É legalmente possível, até que o comando das Forças Auxiliares seja exercido por um oficial das Forças Armadas.
Durante o Governo Militar era essa a forma empregada e havia ordem - motins, só em fugídios pensamentos.] Convivem com as regras políticas dos governadores e lembram que são
militares quando, por exemplo, tentam absorver regras camaradas na
reforma da Previdência.
O fato é que 20 dos 27 governadores unem-se ao Supremo e ao Congresso
para defender o equilíbrio da República, a democracia, os bons modos e o
velho princípio de que “respeito é bom e eu gosto”. Os de São Paulo e
Rio dão voz à reação, os do Nordeste tratam de controlar as contas
públicas, atrair investimentos e manter os ganhos sociais.
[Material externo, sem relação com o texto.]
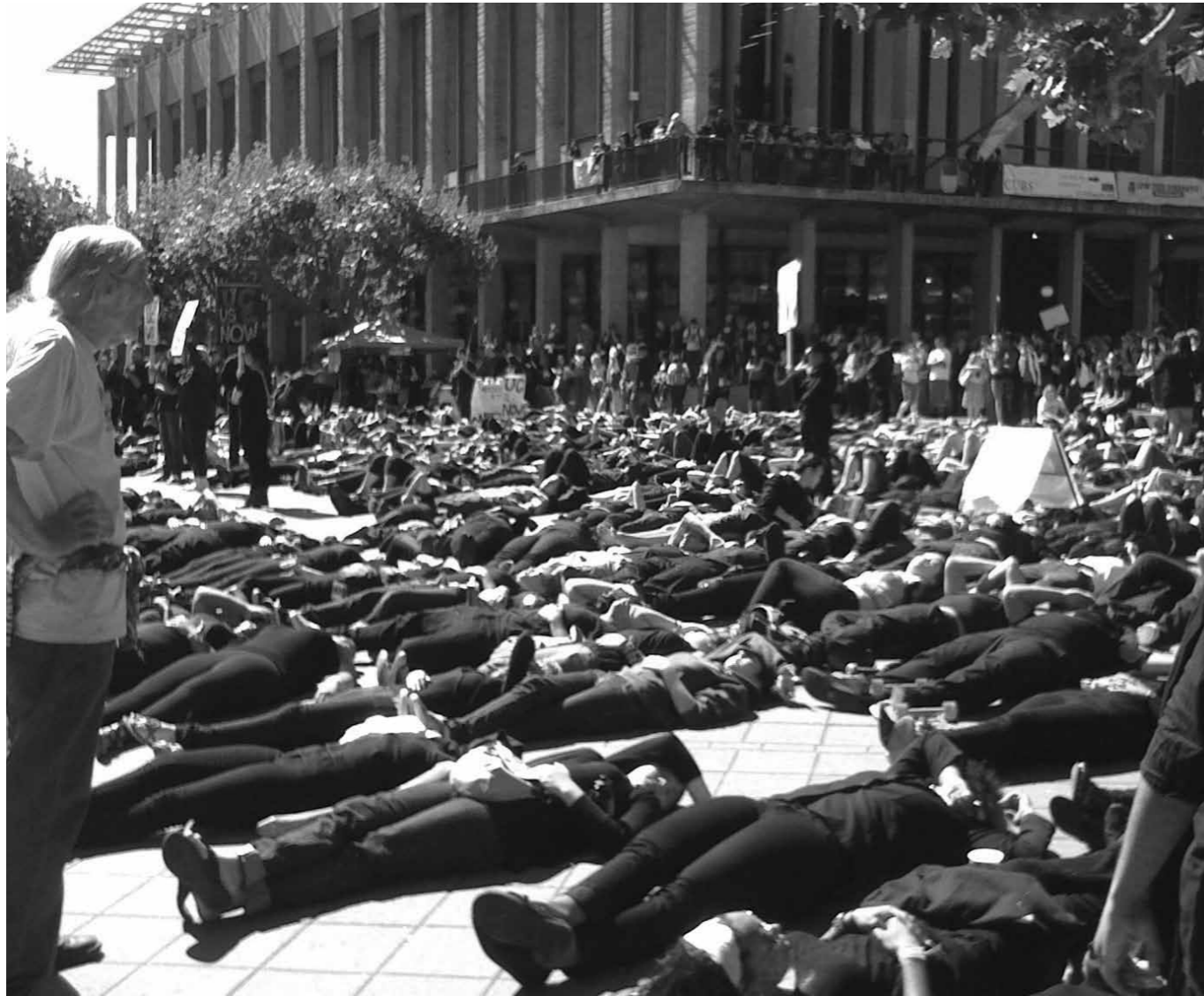
Fra demonstrasjonen på UC Berkeley hvor ca. 100 afro-amerikanske studenter, kledd i svart, lå utstrakt på bakken som om de var døde - som like etter et attentat. Demonstrasjonen var rettet mot forslag om å endre på kvoteringsordninger ut fra kjønn og rase i Californias høyere utdanning.

Há muitas
divergências entre eles, mas trabalham o que há de comum.
É isso que Bolsonaro deveria fazer: marcar posição no que há de
divergente, mas atuar em conjunto no que é de interesse do País e da
Nação. Aliás, como ocorre quando governo federal e governo de São Paulo
somam esforços contra um inimigo de todos, o coronavírus. Essa, sim, é
uma ação republicana, ninguém perde, todos ganham. Mas é preciso algo
que parece em falta: postura de estadista, noção da importância e dos
limites do cargo. Ou seja, grandeza política e pessoal.